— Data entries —
★ ★ ★

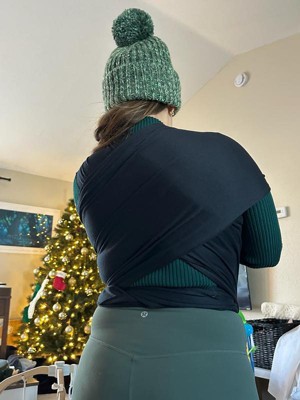 [This review was collected as part of a promotion.] I really like this wrap. It’s soft, comfy, and I absolutely love the black color. I will say the tag is an issue. It’s just the placement of it really, and it’s huge, making it a bit uncomfortable.
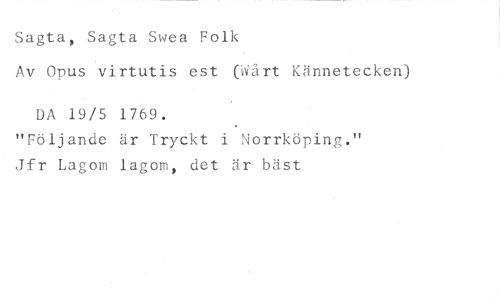 Sagta, Sagta Swea Folk //// Av Opus virtutis est (vårt Kännetecken) //// DA 19/5 1769. //// "Följande är Tryckt i Norrköping." Jfr Lagom lagom, det är bäst
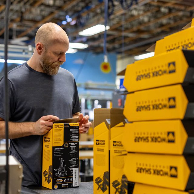 Work Sharp employee placing labels with Amazon Transparency Codes onto product boxes
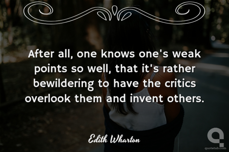 After all, one knows one's weak points so well, that it's rather bewildering to have the critics overlook them and invent others. Edith Wharton
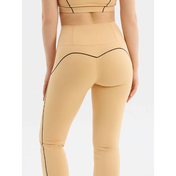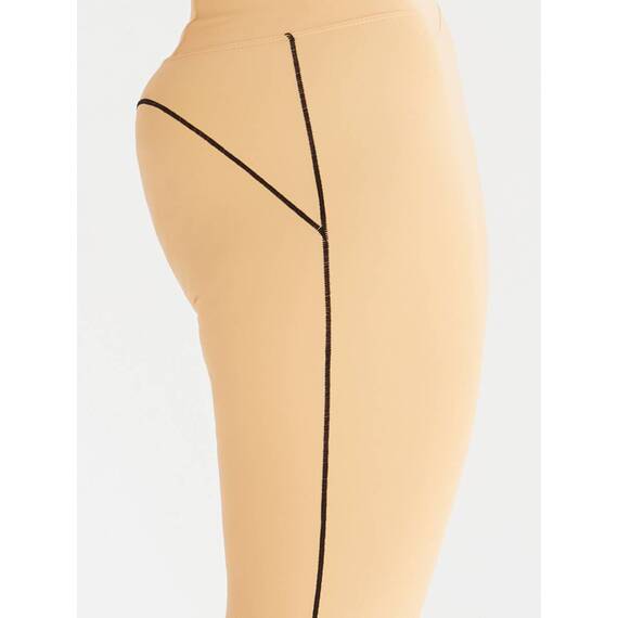 Контрастные чёрные линии выступают не только как стильный акцент, но и как инструмент визуальной коррекции: они проходят вдоль боковых швов и по заднему рельефу, подчеркивая изгибы тела и делая формы более выразительными.
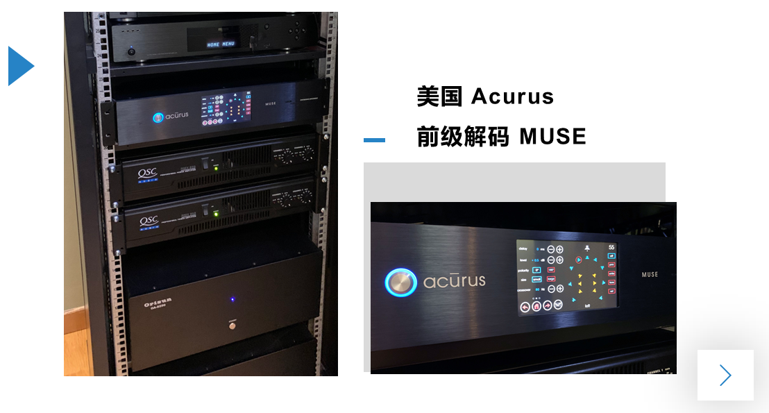 选用了Acurus(雅奇力)前级功放MUSE,其处理能力拥有十分出色的DSP选项,提供了功能强大的声场校正系统以及高清音频解码能力。在功能和性能上是多声道前级中的翘楚。
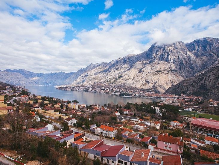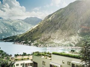 Жилой комплекс в Черногории на берегу Которского залива Адриатического моря.
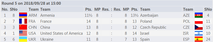 Иран долго шел на равных с чехами, но первая доска (GM Maghsoodloo) сделал неуверенный ход и рассыпался ещё через 9.

★ ★ ★

— EXERCISE INSTRUCTIONS —
The line containing "Work Sharp employee" marks the end: copy exactly every line from the start of the records up to and including it, leaving out the pictures.

— REPLY TO THE EXERCISE —
 [This review was collected as part of a promotion.] I really like this wrap. It’s soft, comfy, and I absolutely love the black color. I will say the tag is an issue. It’s just the placement of it really, and it’s huge, making it a bit uncomfortable.
 Sagta, Sagta Swea Folk //// Av Opus virtutis est (vårt Kännetecken) //// DA 19/5 1769. //// "Följande är Tryckt i Norrköping." Jfr Lagom lagom, det är bäst
 Work Sharp employee placing labels with Amazon Transparency Codes onto product boxes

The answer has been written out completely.